I've also been opting for the extra authentication hologram on the back of my cards lately. I know this is a pretty debated thing, but I just prefer to have it there so we all know it's legit and can easily verify it's authentication too. There's no extra hassle or uncertainty, and that's worth it to me. 

Another thing to keep in mind when you send these cards in, is that PSA has two options for a slab. You can get the "trading card" slab, where it just says trading card, and you've basically just asked PSA to put it in a slab at that point. It costs around $20. Alternatively, you can get them actually authenticated as real and legit cards, but that costs $120. You have to kind of weight these costs in your mind and what it's all worth to you. For this Bradshaw card? Yeah, I could probably be okay with the full $120.

A lot of these other cards though, they are just getting the "Trading Card" treatment. I mean think about it, it's a 5X difference in price, so if you want to make that commitment it really has to be worth it. If you're only collecting cards and don't do anything in terms of reselling, then by all means, do whatever makes you happy, I have zero problems with that, but if you're trying to make some money back on these, then you really have to be thinking about this stuff. 

The finale.

I hope that helps to make your PSA 10 auto attempts more successful. Just remember, that blue Sharpie really can play a huge part of getting the grade you want, so don't forget about that. It's a very consistent color and almost always seems to work well, so it can't really let you down. 

Of course, if you like paint pens, give them a try! Sometimes they work really well. You just got to kind of know your athlete with these things because that can be a big factor. Paint pens are more likely to bleed, run wild, streak, and all that kind of stuff, so just more things to think about.

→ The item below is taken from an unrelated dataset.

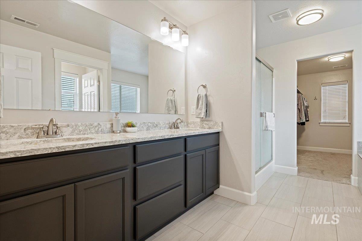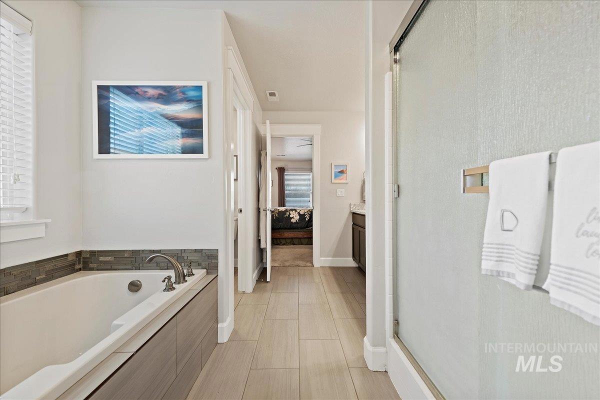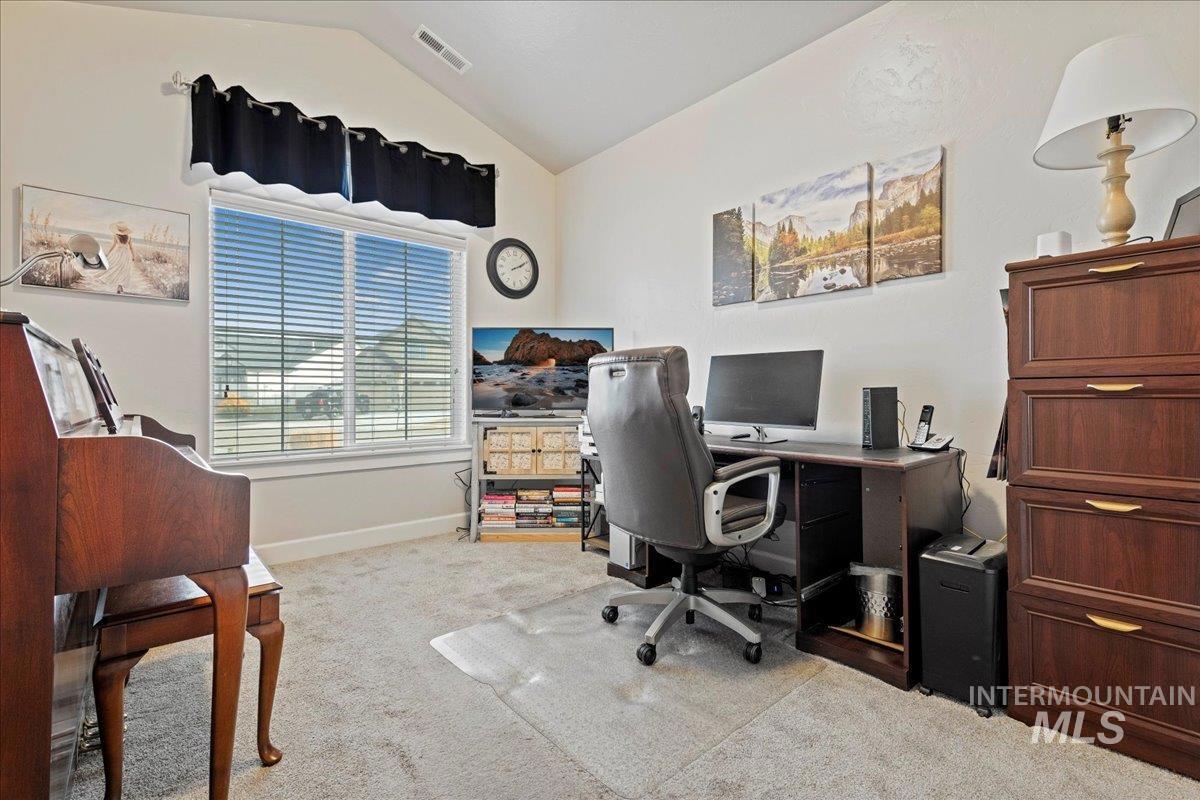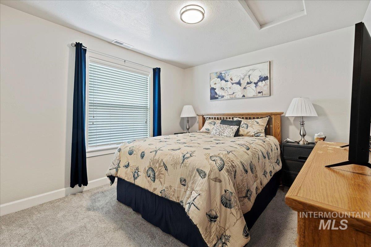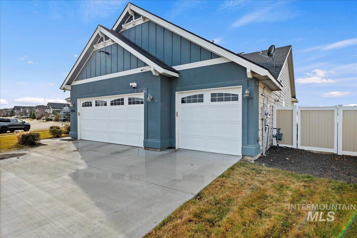 Experience refined living in this better than new residence, impeccably maintained & ideally situated in one of Nampa’s most sought-after neighborhoods w/ access to a community park and pool. Thoughtfully designed for both elegance and efficiency, the home includes owned solar panels, resulting in remarkably low power costs averaging just $5–$7 per month! Enjoy exceptional privacy w/ no rear neighbors & no neighbors on one side, complemented by a full vinyl fence, storage shed, & an oversized covered patio perfect for serene outdoor entertaining. Inside, expansive windows and soaring 9-foot ceilings bathe the home in natural light, enhancing the spacious open-concept living area that seamlessly connects the kitchen & dining spaces. The kitchen is both sophisticated & functional, featuring a large island & an oversized pantry ideal for hosting. Retreat to the sumptuous primary suite, complete w/ a spa-inspired en suite bathroom featuring a walk-in shower, separate soaker tub, & a spacious walk-in closet designed for both style & functionality. A versatile bedroom just off the entry offers the perfect space for a private office or guest suite. Conveniently located near the lake, golf course, dog parks, schools, shopping, dining & more, this exceptional property offers an elevated lifestyle defined by comfort, privacy, and timeless appeal. One year home warranty included

Lastly, it's worth quickly talking about space on these cards. Take the Renfrow cards for example. They are great looking cards, but they don't have a ton of room for autographs. Sure, you can have him sign across the "Flawless" text or something, but it just looks cleaner where I had him put the autographs. The problem is just you run the risk of those edges again. 

Again, I hope this all helps you all out, if you've got any questions drop a comment and I'll try to get back to you. Just remember to enjoy the hobby. I know it can become easy to get stuck in the little details, but you got to have some fun too!